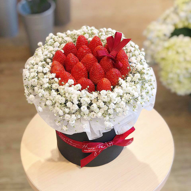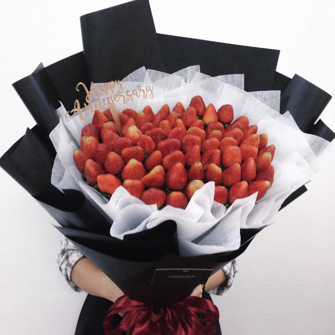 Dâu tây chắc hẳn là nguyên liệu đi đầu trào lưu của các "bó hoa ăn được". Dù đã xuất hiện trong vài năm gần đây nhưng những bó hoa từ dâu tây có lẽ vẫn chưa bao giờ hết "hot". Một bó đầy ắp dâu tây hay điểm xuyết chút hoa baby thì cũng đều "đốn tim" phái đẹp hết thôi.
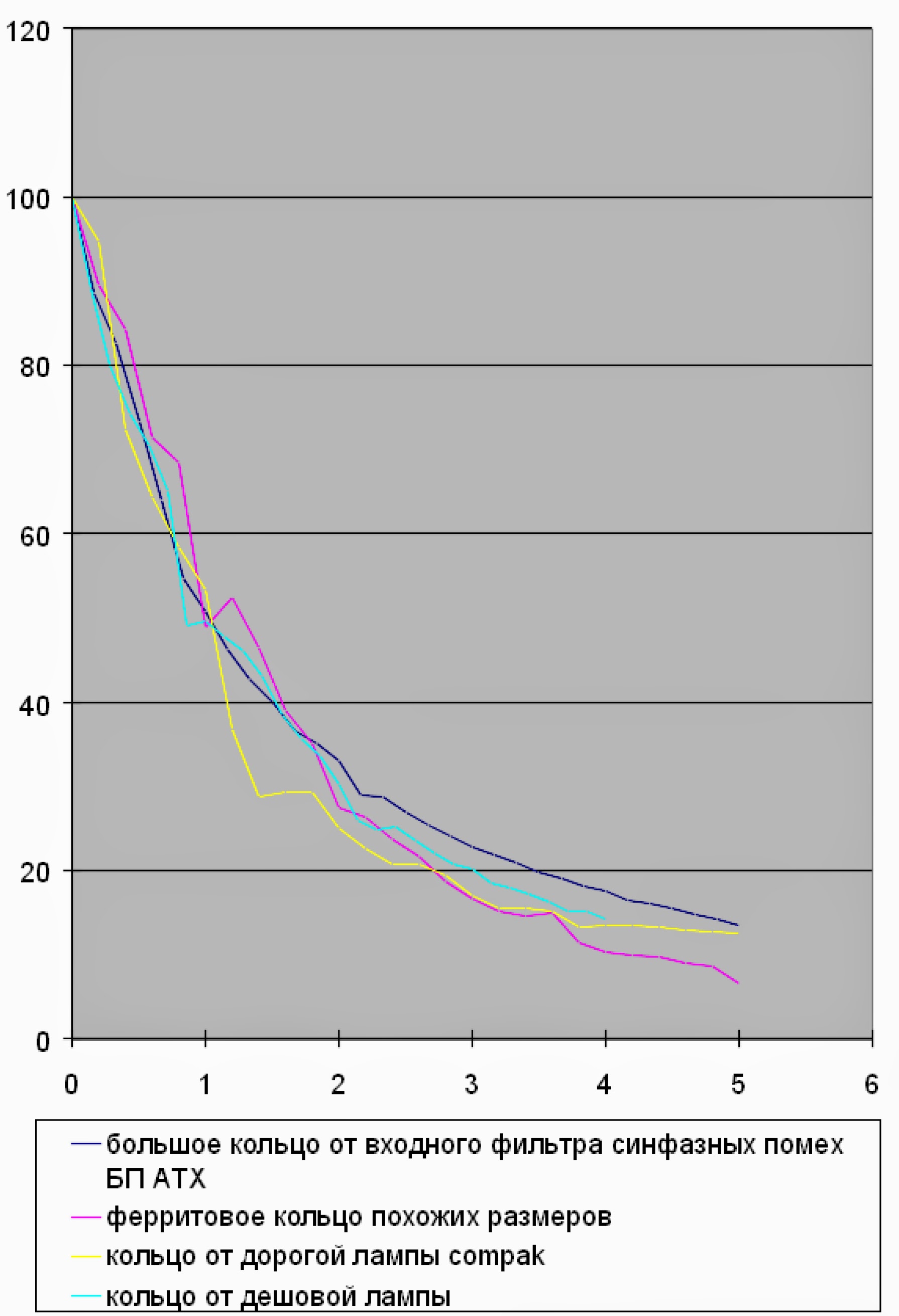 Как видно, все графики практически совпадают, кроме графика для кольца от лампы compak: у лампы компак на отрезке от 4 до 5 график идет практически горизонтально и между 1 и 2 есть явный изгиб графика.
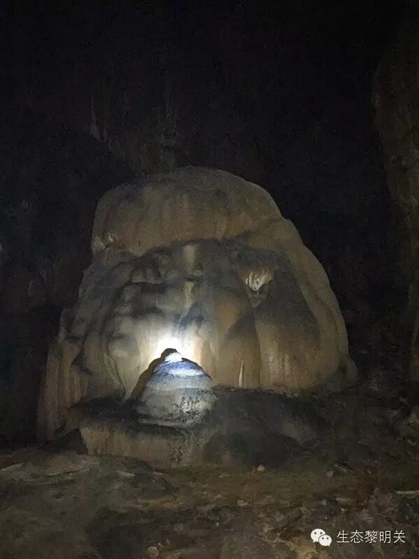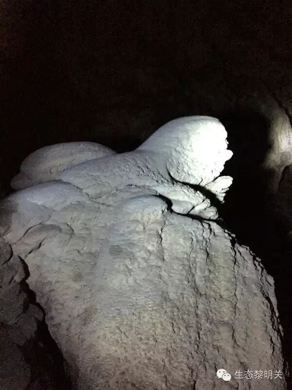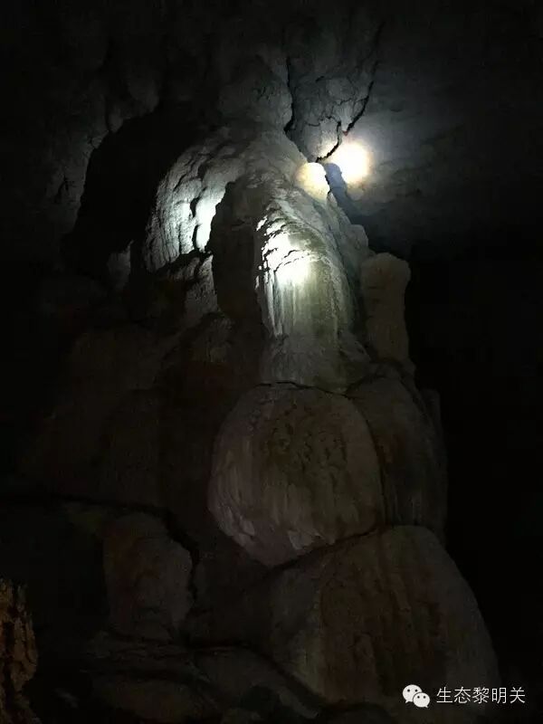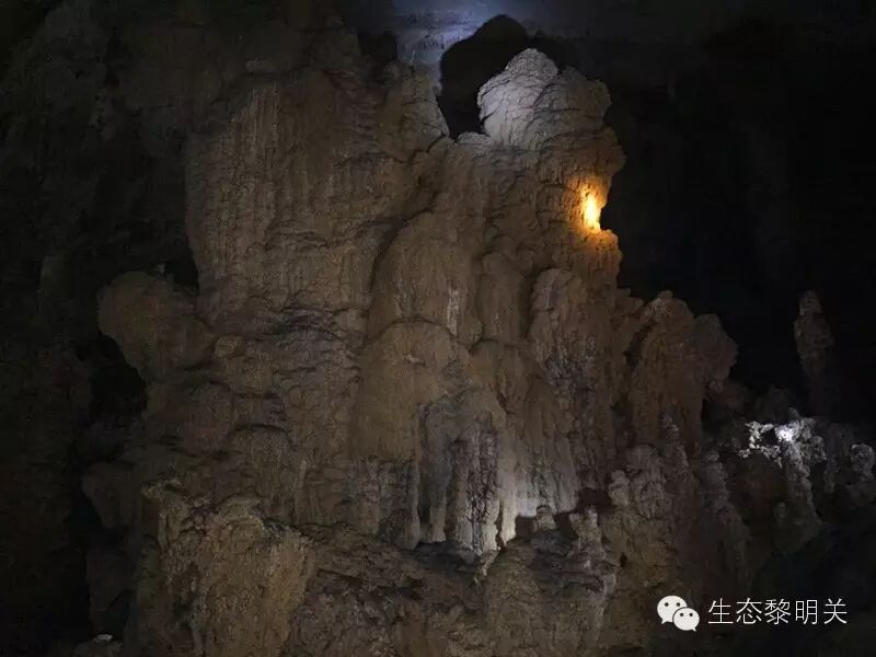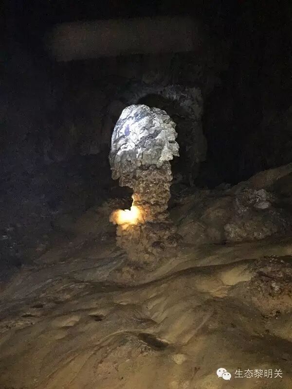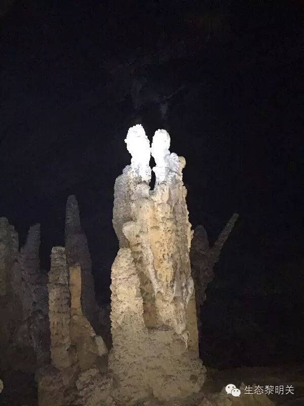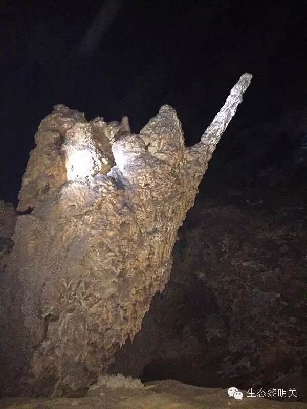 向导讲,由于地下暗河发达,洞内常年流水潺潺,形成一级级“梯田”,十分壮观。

TASK PROMPT:
Only the text of the listing should be returned, exactly and in full; no image goes into the copy.

ANSWER TO THIS EXERCISE:
 Dâu tây chắc hẳn là nguyên liệu đi đầu trào lưu của các "bó hoa ăn được". Dù đã xuất hiện trong vài năm gần đây nhưng những bó hoa từ dâu tây có lẽ vẫn chưa bao giờ hết "hot". Một bó đầy ắp dâu tây hay điểm xuyết chút hoa baby thì cũng đều "đốn tim" phái đẹp hết thôi.
 Как видно, все графики практически совпадают, кроме графика для кольца от лампы compak: у лампы компак на отрезке от 4 до 5 график идет практически горизонтально и между 1 и 2 есть явный изгиб графика.
 向导讲,由于地下暗河发达,洞内常年流水潺潺,形成一级级“梯田”,十分壮观。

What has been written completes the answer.